TASK BRIEF: Could you copy the records below exactly, leaving out any pictures?

(Source data)
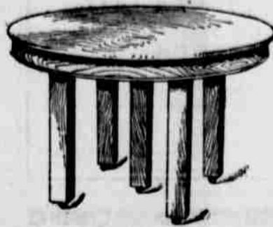
Extension Tables $5.00 to 38.00

The best refrigerator sold "THE WHITE FROST"
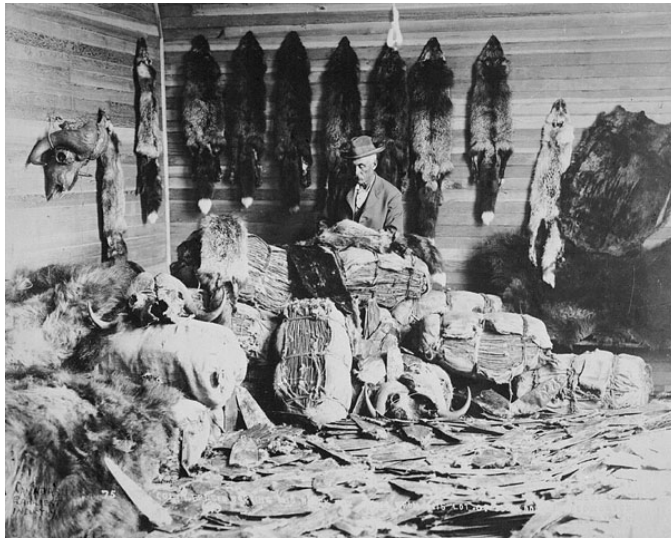
Late 1800s fur trader

Idaho's Fur Trappers were a group of men who came west to trap beavers to send back to the people living in the eastern United States. Many of the fur trappers were people who did not fit in with city life in the east. Some of the fur trappers were young men looking to 'make it big' while others were old men looking to get away from the busy cities and return to nature. A few were even outlaws looking to hide from the law on the edges of the world. Fur trapping was always part of the American Frontier because the population of fur animals dwindled quickly after the frontier was tamed. Most men who came west as fur trappers did not have wives. Rarely the trappers would take a Native woman to marry as their wives, but this was not common.
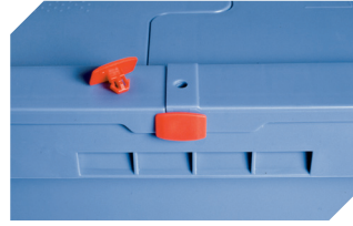
Security seals MBP2 - suited for BITOBOX MB 6-15705
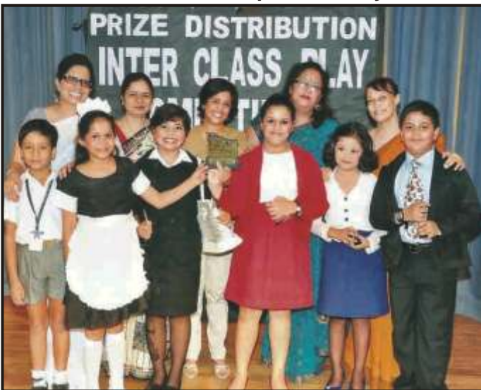
'Villa for sale' adjudged Best Play (class IV)
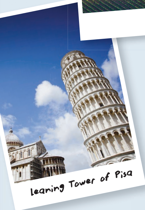
Leaning Tower of Pisa
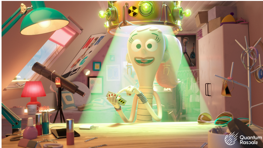
Figure 5: First time through the portal. From Quantum Kate: What atoms are made of [1].

SOLUTION FOR THIS TASK:
Extension Tables $5.00 to 38.00

The best refrigerator sold "THE WHITE FROST"
Late 1800s fur trader

Idaho's Fur Trappers were a group of men who came west to trap beavers to send back to the people living in the eastern United States. Many of the fur trappers were people who did not fit in with city life in the east. Some of the fur trappers were young men looking to 'make it big' while others were old men looking to get away from the busy cities and return to nature. A few were even outlaws looking to hide from the law on the edges of the world. Fur trapping was always part of the American Frontier because the population of fur animals dwindled quickly after the frontier was tamed. Most men who came west as fur trappers did not have wives. Rarely the trappers would take a Native woman to marry as their wives, but this was not common.
Security seals MBP2 - suited for BITOBOX MB 6-15705
'Villa for sale' adjudged Best Play (class IV)
Leaning Tower of Pisa
Figure 5: First time through the portal. From Quantum Kate: What atoms are made of [1].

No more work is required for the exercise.